During the early years of the American colonial era in the Philippines, former Governor-General of the Philippines (and future U.S. president), Howard Taft favored a comprehensive building construction and city planning in the country. William Cameron Forbes, having recently appointed as commissioner to the Philippines, eventually sought out Daniel Burnham to create plans for developing the cities of Baguio and Manila. Burnham and fellow architect Pierce Anderson drew up general preliminary plans based from site surveys in 1904 and 1905, free of charge on Burnham's end. The plans were followed by a recommendation of a well-trained architect for the Government's plan, as Burnham ended his involvement on the plans in the Philippines.
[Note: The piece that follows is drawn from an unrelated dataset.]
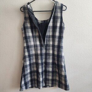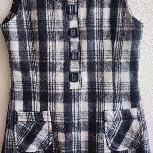 Vintage Lover's Dress Womens Medium Black White Plaid Wool Sleeveless Mod 60s Pockets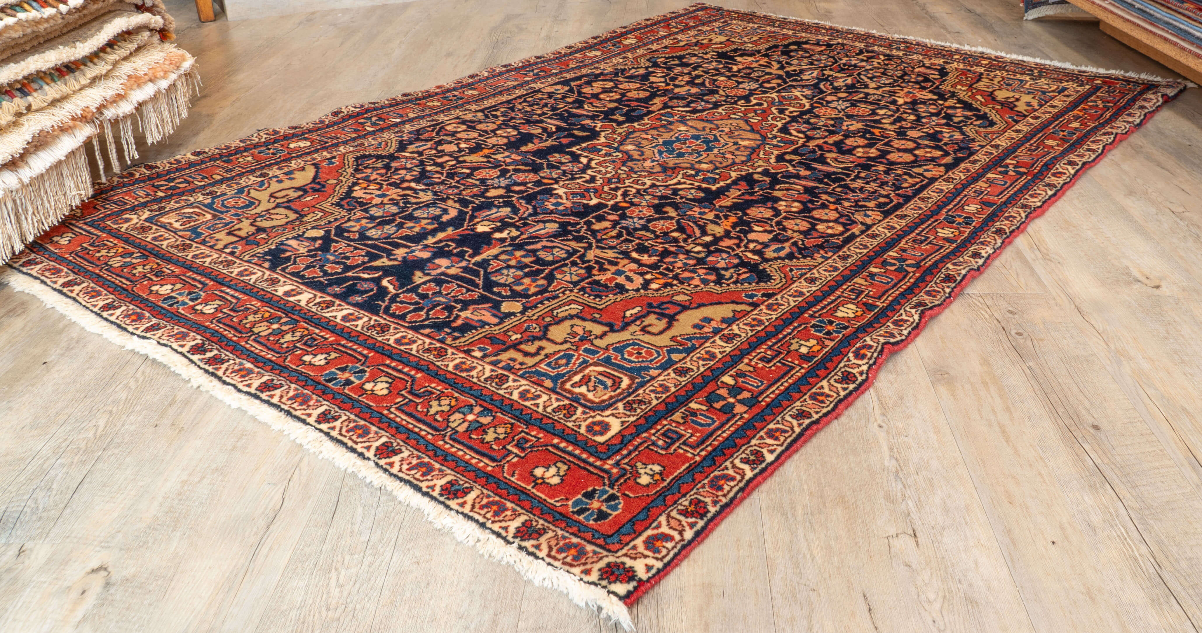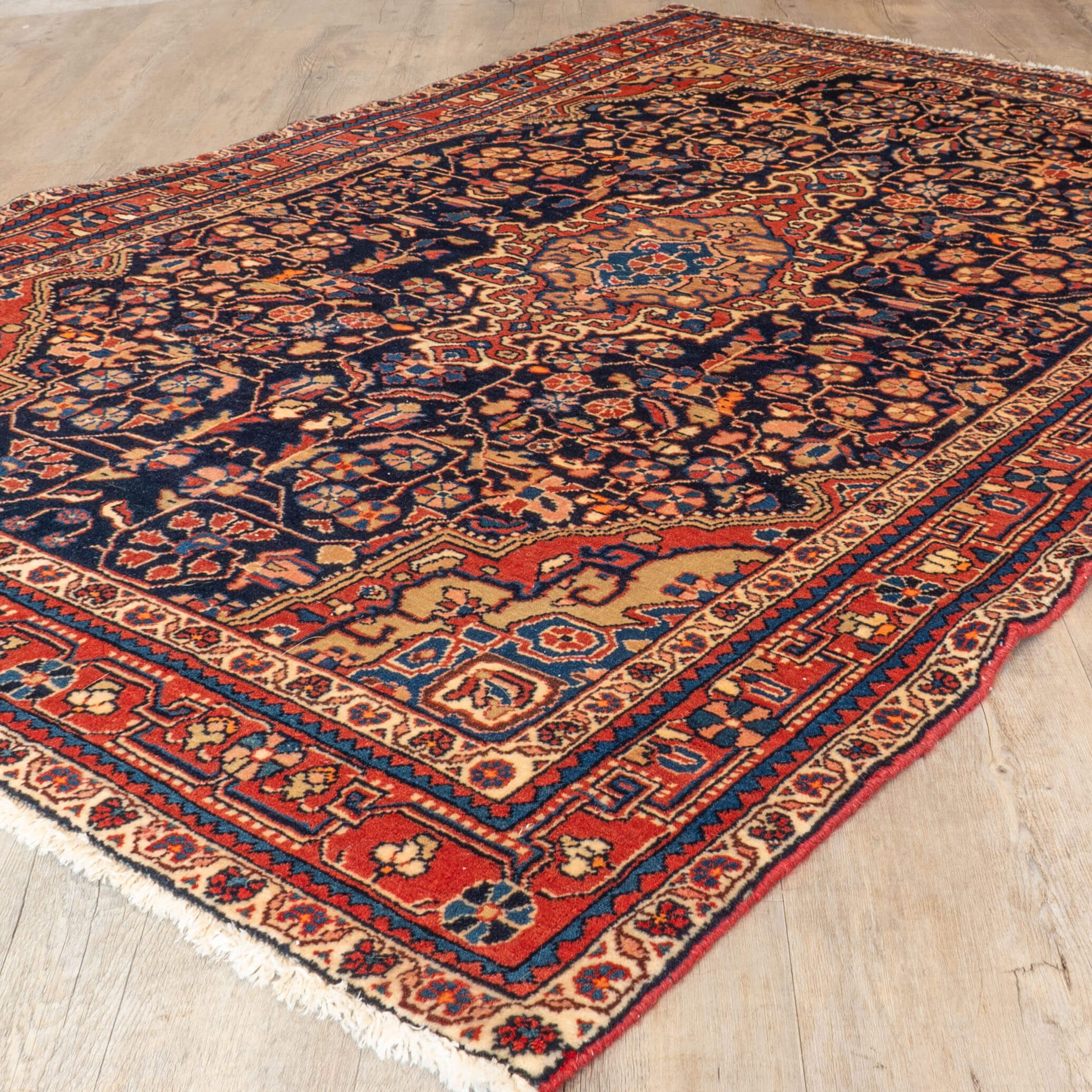 This is a classic Persian Jozan rug, wonderfully soft underfoot, with a great blend of warm colours. The timeless design features a classic Persian medallion pattern, crafted from vegetable-dyed, hand-spun wool on a cotton foundation. One can always find a space for a charming quality Persian rug.   Please click the hyperlinks below if you are interested in additional information. Jozan is a town in northwest Iran, renowned for making good, strong, solid, and durable rugs. They are made of a wool pile woven onto a cotton foundation. The colours used are the traditional reds and blues, and the design is often geometric. When...

Parsons was recommended by Burnham for the position, who at that time was practicing architecture in New York City, having recently graduated from École des Beaux-Arts, Paris. Parsons arrived at Manila in November 1905, tasked to "interpret" the preliminary plans prepared by Burnham and Anderson for Manila and Baguio, and modify these as needed. He would also supervise plans for building projects for the Bureau of Public Works. Several public buildings and parks designed by Parsons are a hybrid of colonial architecture and that of the Philippines, which is a tropical country. Such designs also adopted the use of local material, such as hardwoods and capiz shells for window sash in place of glass to reduce sunlight glare.

Parsons also prepared the standardized plans of the Gabaldon school buildings, which were designed akin to templates with the intent of promoting efficiency in the planning process. These are school buildings constructed in the Philippines between 1907 and 1946 and named after the late assemblyman Isauro Gabaldon of Nueva Ecija, who authored the Gabaldon Act which appropriated P1 million for the construction of modern public schools nationwide.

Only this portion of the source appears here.